Do you know what this particular unitary operator is?

  • Thread starter QMrocks
  • Start date
Recall that the unitary operator [itex] exp(\frac{i}{\hbar}aX) [/itex] transform the operator [itex] P_x +a [/itex] to [itex] P_x [/itex].

Now, what is the unitary operator that transform the operator [itex] P_x +aX [/itex] to [itex] P_x [/itex] ??

:confused:
 
QMrocks said:
Recall that the unitary operator [itex] exp(\frac{i}{\hbar}aX) [/itex] transform the operator [itex] P_x +a [/itex] to [itex] P_x [/itex].

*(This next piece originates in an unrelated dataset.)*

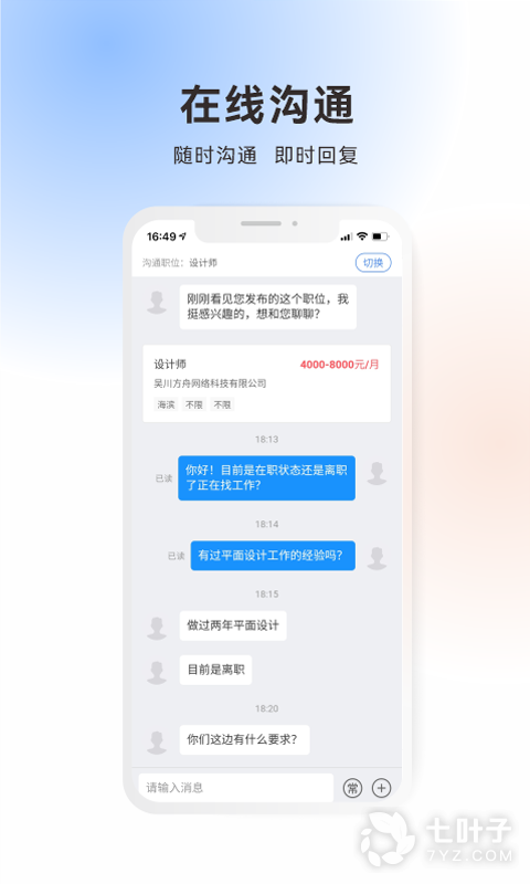 2、所有的工作都会推荐的精准,还会和用户直接的沟通机、提高求职的效率、可以尽情的录入;

Now, what is the unitary operator that transform the operator [itex] P_x +aX [/itex] to [itex] P_x [/itex] ??

:confused:
you mean P_x to P_x + a

[itex] exp(- \frac{i}{\hbar}aX) [/itex]

: )

Seratend.

EDIT: sorry bad reading:
[itex] exp( \frac{i}{\hbar}aX^2/2) [/itex] is the answer to your question
 
Last edited:
seratend said:
[itex] exp(- \frac{i}{\hbar}aX) [/itex]

: )

Seratend.
Nope...........................
 
There is no typo.
 
QMrocks said:
There is no typo.
See corrected previous post.

Seratend.
 
seratend said:
EDIT: sorry bad reading:
[itex] exp( \frac{i}{\hbar}aX^2/2) [/itex] is the answer to your question
Thanks. Thats the answer i tempted to throw in too. But i have my doubts.. :confused:
 
QMrocks said:
Thanks. Thats the answer i tempted to throw in too. But i have my doubts.. :confused:
Doubts, why? You just have to calculate.
Hint: try to see what the unitary operator exp(i a(X)) does on the momentum operator.

Seratend.
 
My bad, Seratend. You are absolutely right! Case close :)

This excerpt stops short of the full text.